Organic mental disorders

 

Organic mental disorders

Organic brain disorders result from structural pathology, as in dementia, or from disturbed central nervous system (CNS) function, as in fever-induced delirium. They do not include mental and behavioural disorders due to alcohol and misuse of drugs, which are classified separately.

  • Delirium - Delirium, also termed toxic confusional state and acute organic reaction , is an acute or subacute brain failure in which impairment of attention is accompanied by abnormalities of perception and mood. It is the most common psychosis seen in the general hospital. Ten to twenty per cent of surgical and medical inpatients have delirium during their admission. The degree of impairment classically fluctuates, so that there are intermittent lucid periods. Confusion is usually worse at night, with consequent sleep reversal, so that the patient is asleep in the day and awake all night. During the acute phase, thought and speech are incoherent, memory is impaired and misperceptions occur. Episodic visual hallucinations (or illusions) and persecutory delusions may occur. As a consequence, the patient may be frightened, suspicious, restless and uncooperative.
  • Dementia - Dementia is an acquired global impairment of intellect, memory and personality, but without impairment of consciousness. There is often an associated deterioration in emotional control, social behaviour and motivation. Dementia is used both to refer to the primary dementing illness, such as Alzheimer's disease, as well as the process itself, which may be secondary to some other disease (e.g. hypothyroidism). Presenile dementia is the term used for patients under 65 years of age and senile dementia for older patients. However, there is no clinical difference.
  • Alzheimer's disease - This is a primary degenerative brain disease of unknown aetiology that is insidious in onset, followed by gradual deterioration and death in about 10 years. The onset can be in middle adult life or even earlier, but the incidence is higher in later life. Patients particularly at risk of developing Alzheimer's disease are those who have a family history, who have sustained a head injury, or have Down's syndrome.

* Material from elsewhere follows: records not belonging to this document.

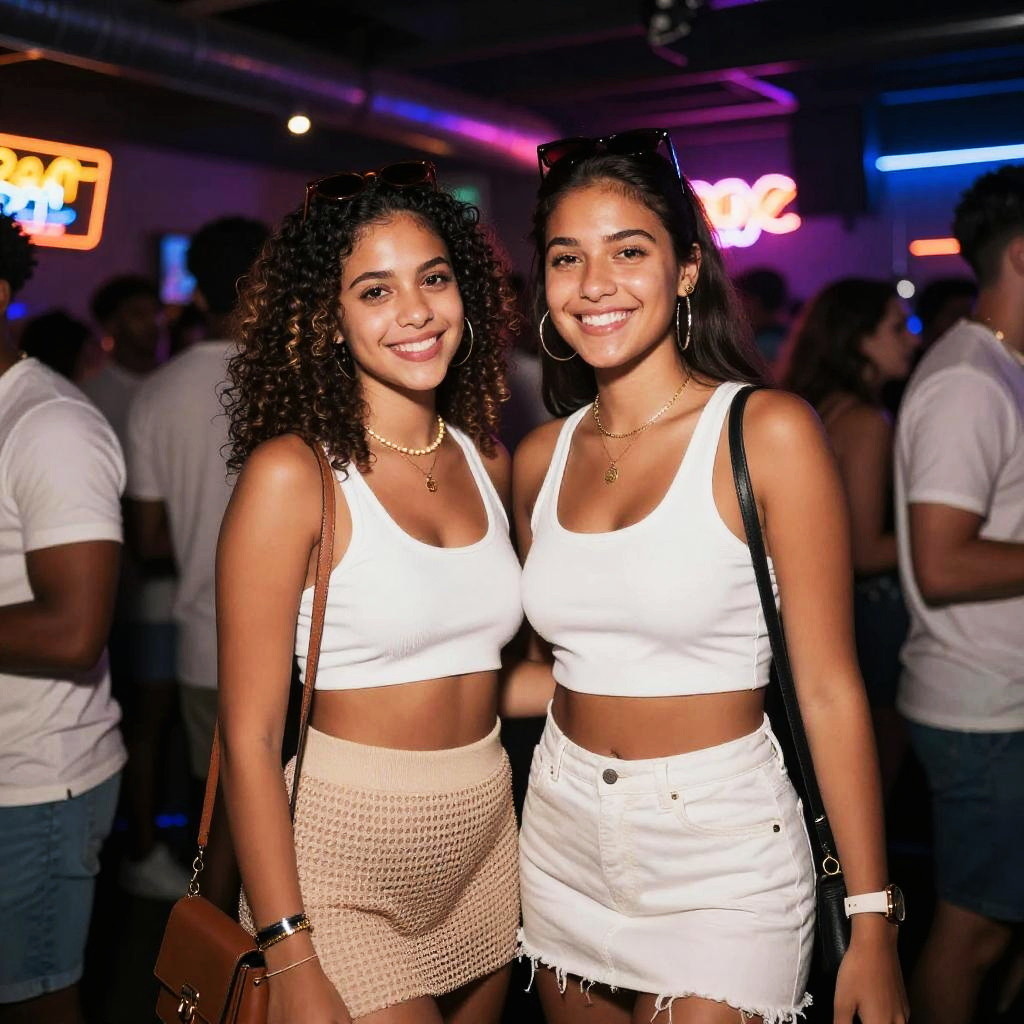 Two friends Miami nightlife neon lights bustling city streets stylish club attire energetic dynamic fun urban adventure
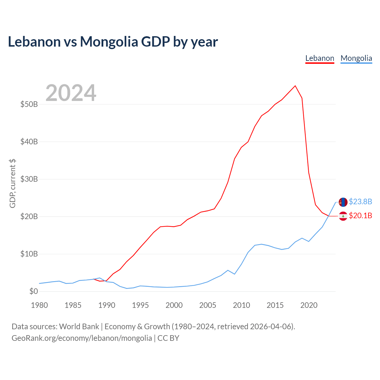 Lebanon has a GDP of $20.1B compared to $23.8B for Mongolia, ranking 128/197 and 121/197 by economy size, respectively.
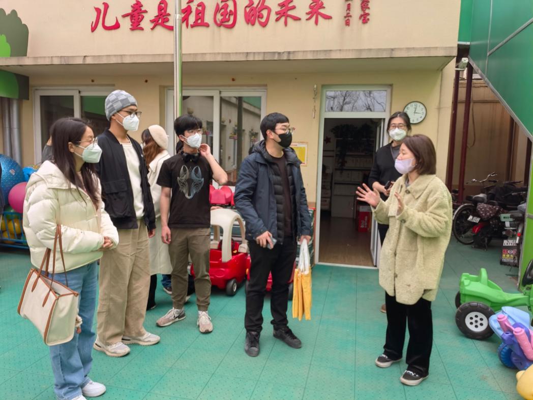 3月21日下午,公司2021级建筑学创新实验班全体同学,在“建筑设计2-幼儿园设计”课程教师王韬、程艳春、孙艳晨,以及辅导员吴昕泽、天桥街道责任规划师甘振坤五位老师的带领下,来到虎坊路幼儿园开展实地调研。
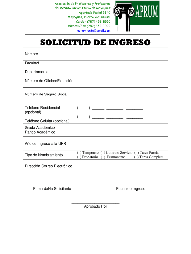 Association de Profesoras y Professors Del Races into Universitario de Mayagez Apart ado Postal 5240 Mayaguez, Puerto Rico 00681 Cellular (787× 4588550 Direct×Fax (787× 6520929 aprumjunta×Gmail.comSOLICITUD
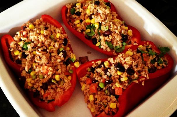 In these Southwest Stuffed Peppers I used the leftover spanish rice, added some corn, black beans and fresh cilantro. Topped with organic black bean salsa and baked in the oven until the pepper is tender. Finish off with a dollop of light sour cream and you've got yourself a wonderful meal! There really isn't a recipe to this its more the method... there are endless varieties!
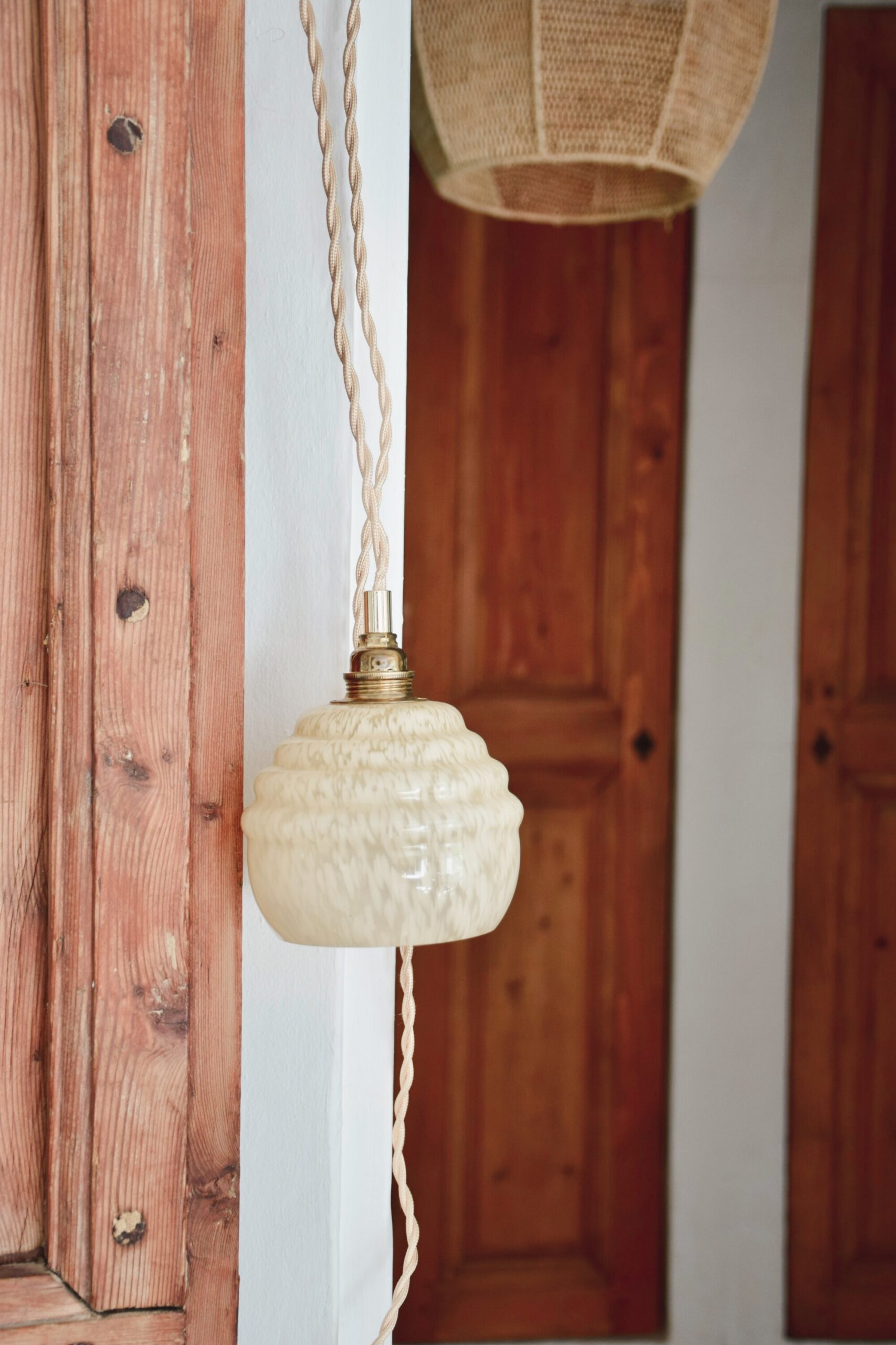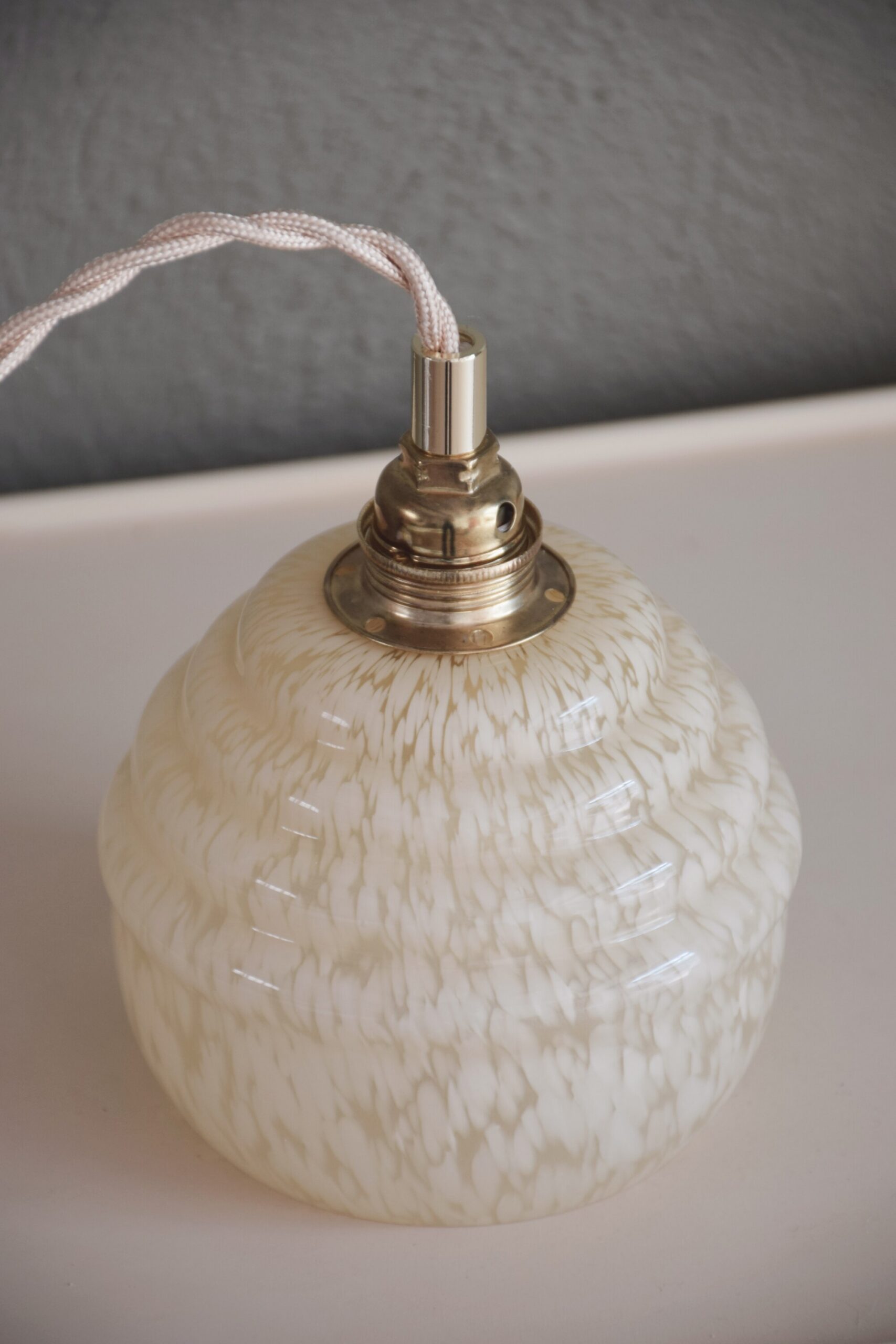 Un joli model d’opaline mouchetée, enrobée de ce verre translucide qui dégage une somptueuse lumière. Une version nacrée, avec une douce couleur pêche et un fil torsadé doré. L’opaline est d’origine et le montage électrique flambant neuf avec d’élégantes finitions laiton et un interrupteur épuré, pour passer du jour à la nuit en tout confort.
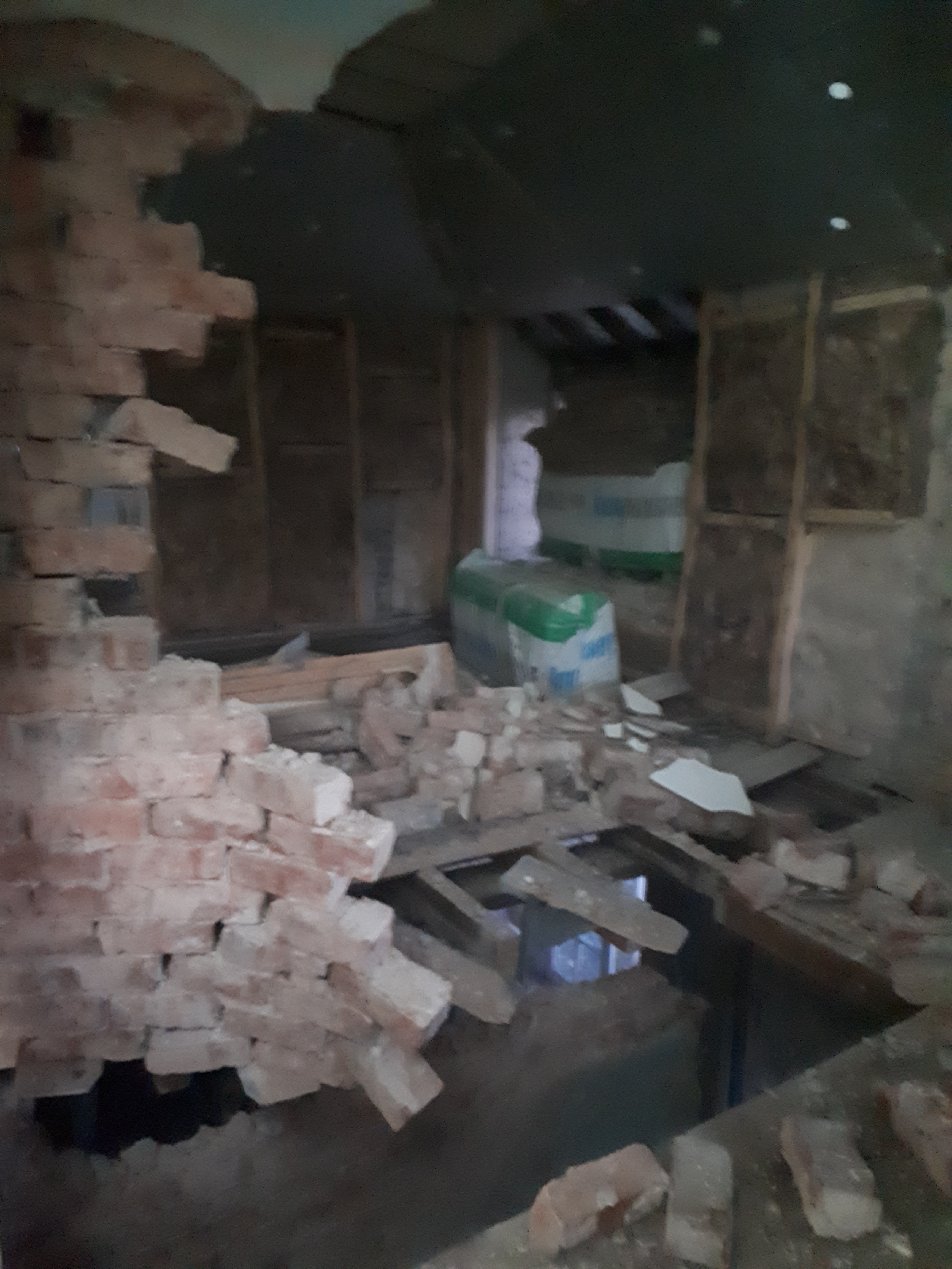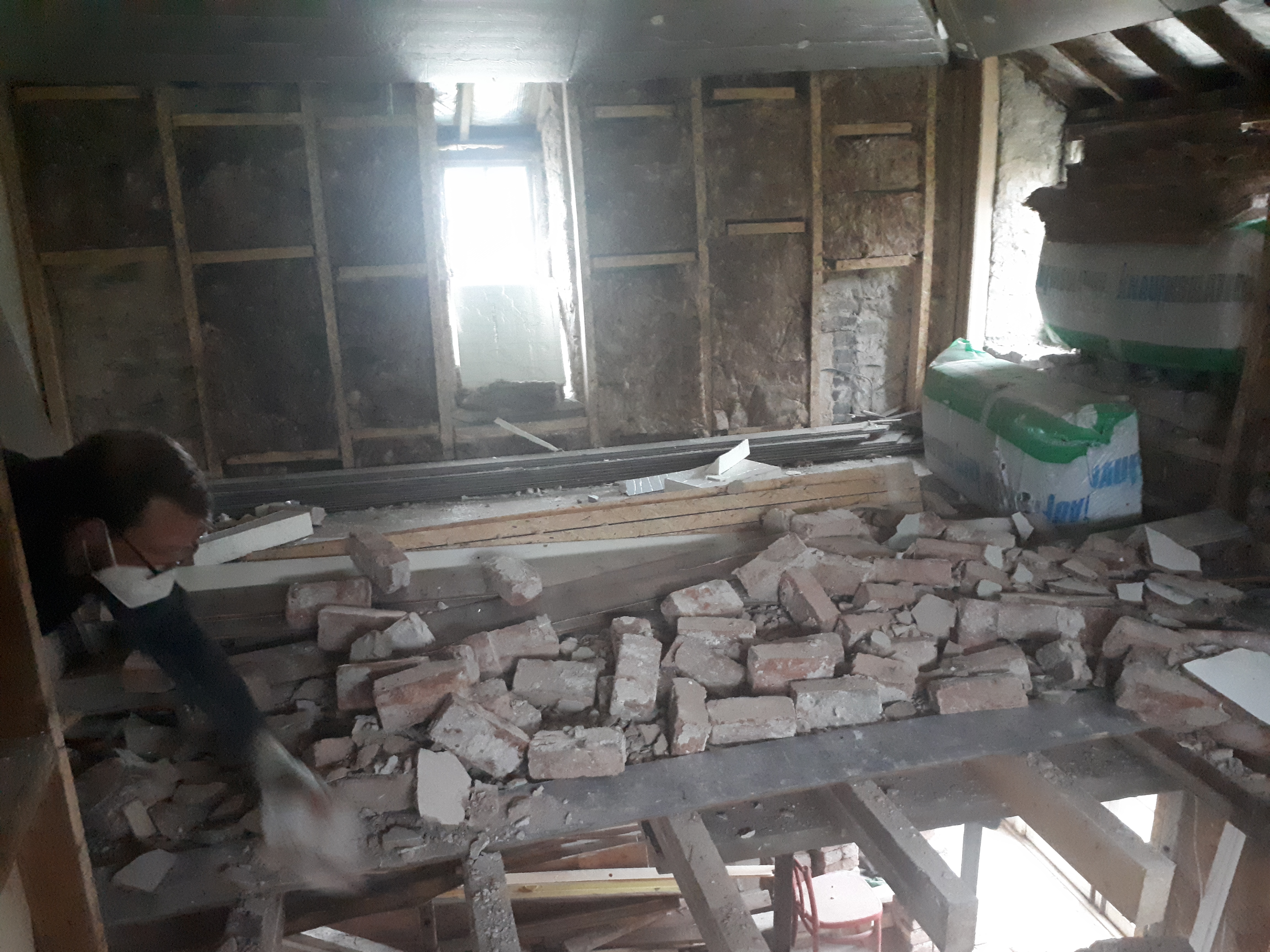 Chris climbed into the attic and began passing down bricks, in an attempt to deconstruct the wall safely. However, with every brick he removed the wall became more unstable. Eventually we decided to tie a rope around one of the acro props and step outside the house, pulling it out from under the wall at a safe distance. A big crash and a cloud of dust followed.
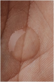 Detailed macro shot showcasing a water droplet on a human palm, highlighting texture and moisture.
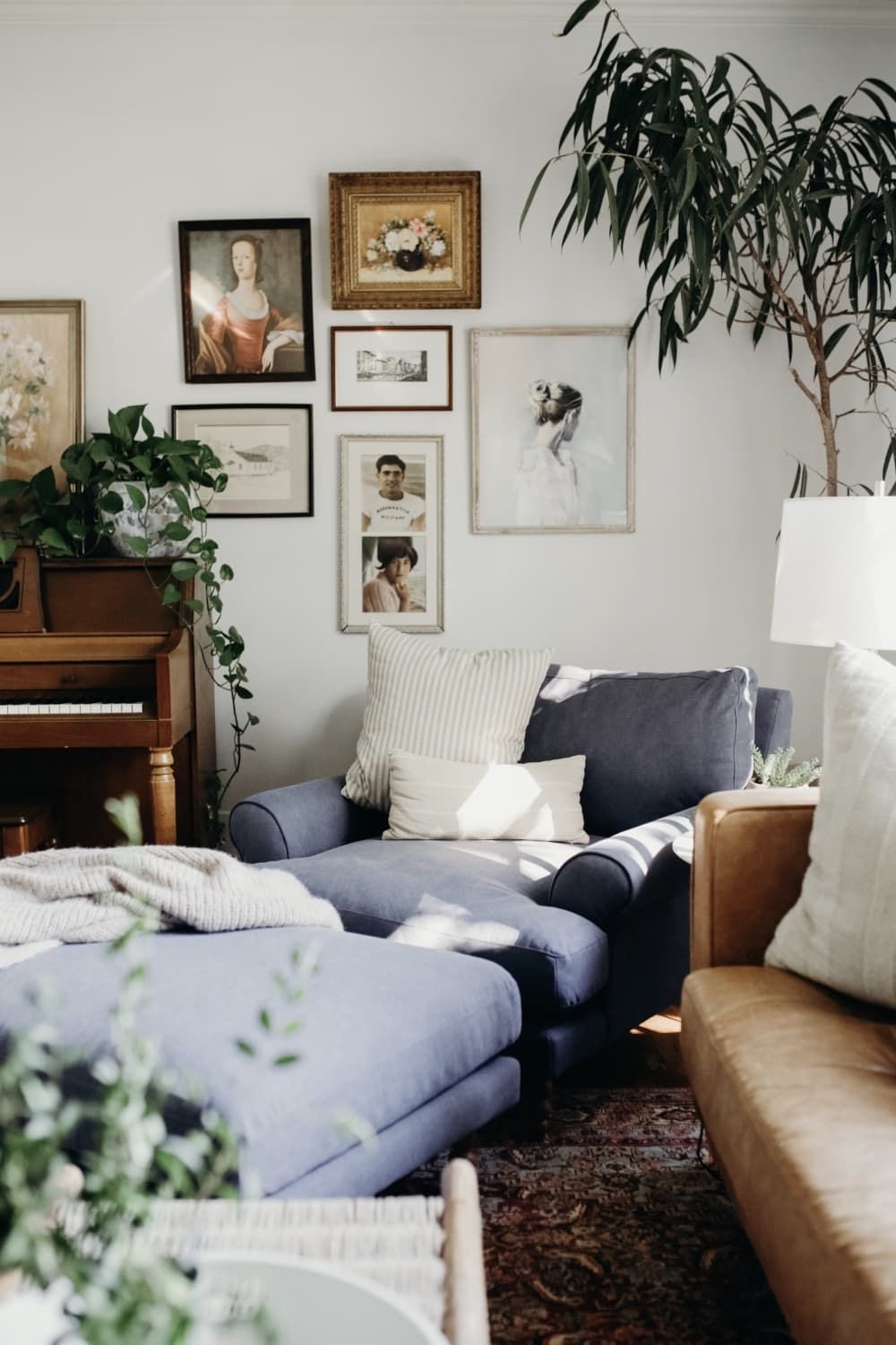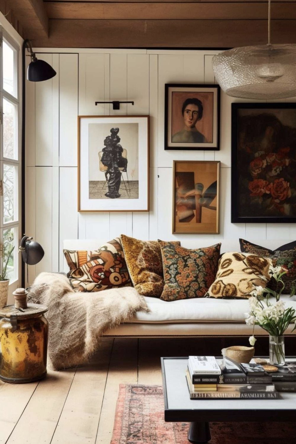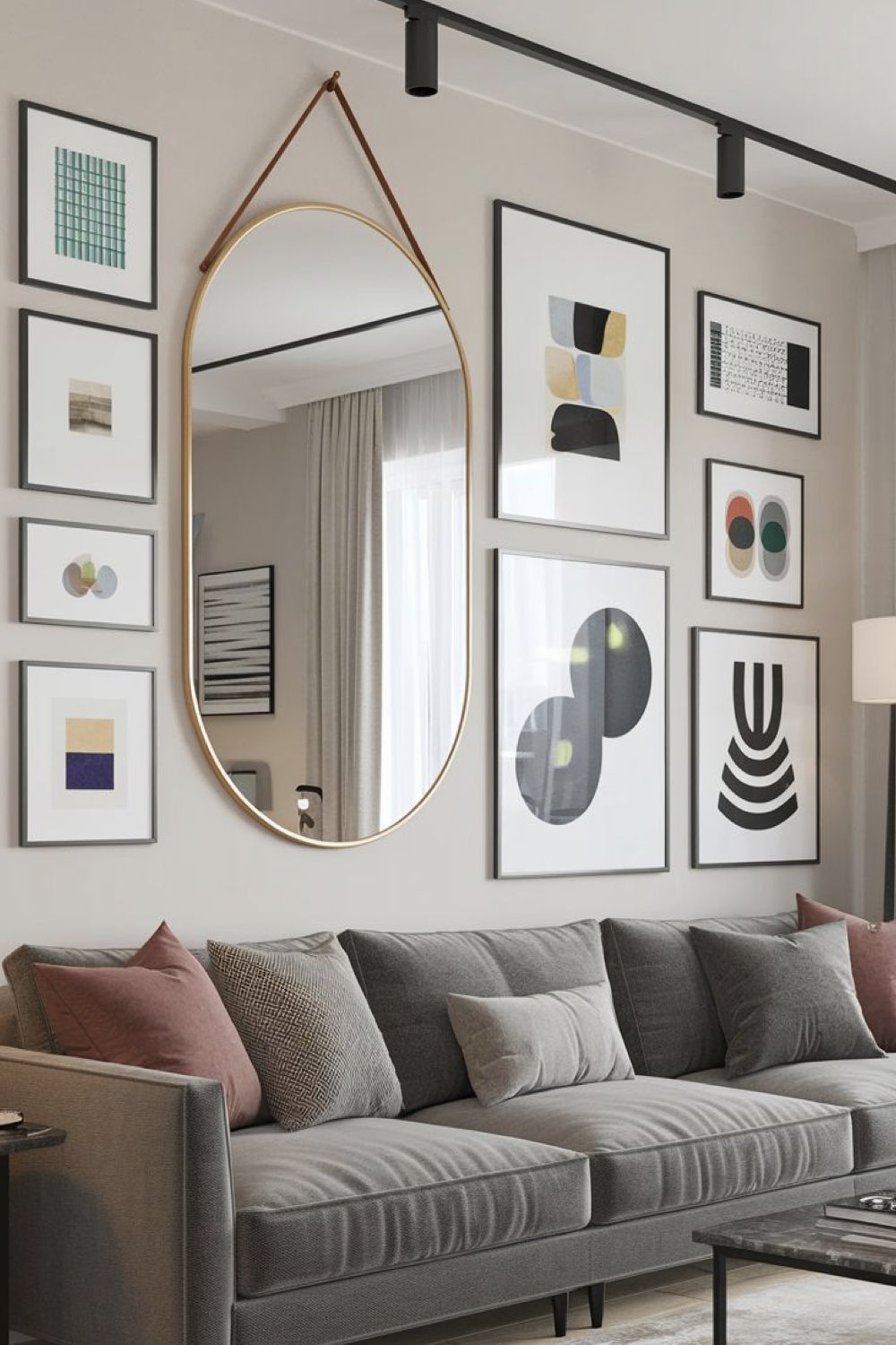Décorer les murs du salon à l'aide de tableaux, miroirs et cadres

Organic amnestic (dysmnesic) syndrome

This is characterized by a marked impairment of memory occurring in clear consciousness and not as part of a delirium or dementia. Long-term memory is less affected than short-term memory. Often the patient is blandly unconcerned and commonly confabulates. One of the most common causes is severe thiamin deficiency secondary to chronic alcohol misuse (Korsakoff's syndrome).